The directing is also unimpressive and almost frustrating. Garth Jennings from Son of Rambow was the director for this movie, and even though, technically, there's nothing that bad about it, substance-wise, he goes way over the top. What made the original book so funny was its drollness; how the characters would spout these ridiculous lines with such a calm, restrained demeanor. This movie's humor is the opposite of that and it falls flat.
However, where I was most annoyed by Garth Jennings's direction was with the imagination. A story like this one leaves so much potential for the director to go wild with the directing, and really make everything utterly bizarre and fantastic. Not only what's on the planet, in terms of creatures, but also with how it looks like and the visual style he uses on these different planets. Gee, I was excited to see what was going to happen. This is going to be interesting! And then...there are no changes. Absolutely nothing! On the different planets there's no big change, no sign that imagination was used. It's awful! There's one moment where everything turns to yarn stop motion, and you get excited, thinking that the movie is trying to reach its potential. But it is then completely dropped and we go back to nothing. I know that it's just a bit of a nitpick, but it would have been so nice had there been, well, creativity. Just something, other than random monsters, which don't require much thought to come up with, quite frankly. Do, perhaps, one planet with hand-drawn animation, but where the drawings are all done in sharpie pens, and then another segment where everything happens in the background and the foreground is just aliens swimming. Just do something artistically interesting!!! (Even if my examples aren't particularly artistic). And I would have loved a tad bit of inventiveness in the aliens. We just have unpoetic aliens with noses in between their foreheads, and that's not very interesting. They could have done, say, purple narwhal frogs that survive on raspberries, and talk only in acronyms. That's not a very good example, but you get the point. There should have been something.

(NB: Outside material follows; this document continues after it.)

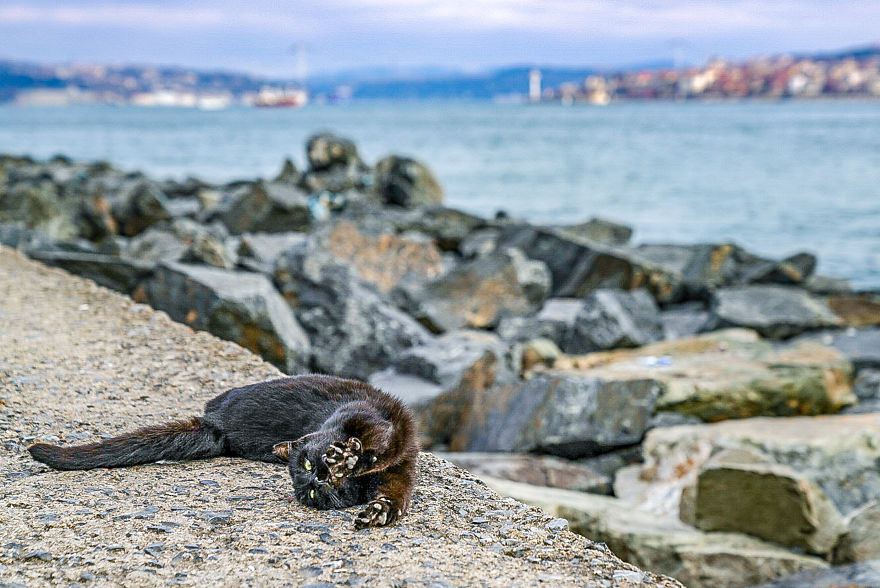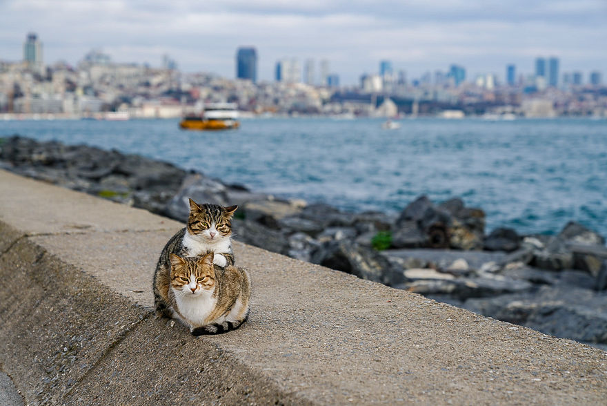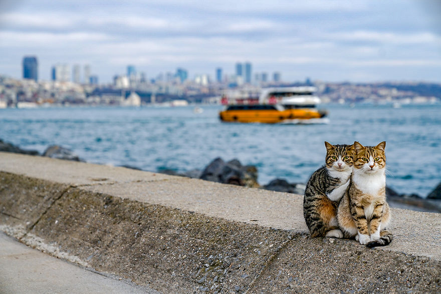 ▼最讓他印象深刻的,就是他在伊斯坦堡博斯普魯斯海峽運河散步時,在河堤上看到的兩隻貓咪。
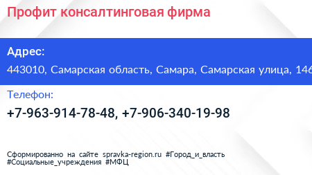 Профит, консалтинговая фирма по адресу 443010, Самарская область, Самара, Самарская улица, 146 в дальнейшем Организация, размещена в следующих категориях:

However, to the movie's credit, the end scene on the final planet does do exactly that. It's only to a small extent, and it is too late in the film, but I'll give credit where credit's due. The final planet (which I won't spoil, but, paradoxically, since I've said that it's a spoiler, you can probably already guess what it is) is kind of interesting to look and pretty zany. Mice rule the planet, and they want a brain to finish their tv show, which will help them achieve fame, which is, after all, more important than happiness? That's funny! Where was this in the rest of the movie? Huh?
And while I'm dishing out compliments, I simply must write about what I knew, walking into this movie, that I would love: Martin Freeman. Martin Freeman stars in this movie and he is great. He truly is so likable, and he delivers his lines with such amiableness, that he makes the movie so much better than it would have been otherwise. He could be delivering a speech in which he says he's going to take over the world, and I would still be thinking "gee, what a likable fellow". Martin Freeman seems like such a cool guy, and the movie should consider itself lucky to have him.
Unfortunately, though, the other acting is much less commendable, especially when they have the difficult task of trying to make themselves seen next to Martin Freeman, while he's being golden. Mos Def has lots of trouble delivering the comedic lines and Sam Rockwell is bland, though, to be fair, he didn't have much to work with. Zooey Deschanel is all right as Tricia/Trillian, but she really isn't great. Bill Bailey does have a funny cameo, though...
This movie does have funny moments -- the mice are funny, and the whale and the petunia are great! -- but it's not even close to enough. The Hitchhiker's Guide to the Galaxy is a boring, generally unfunny and disappointingly unimaginative film, with a very dull score. And no amount of Martin Freeman being awesome can change that.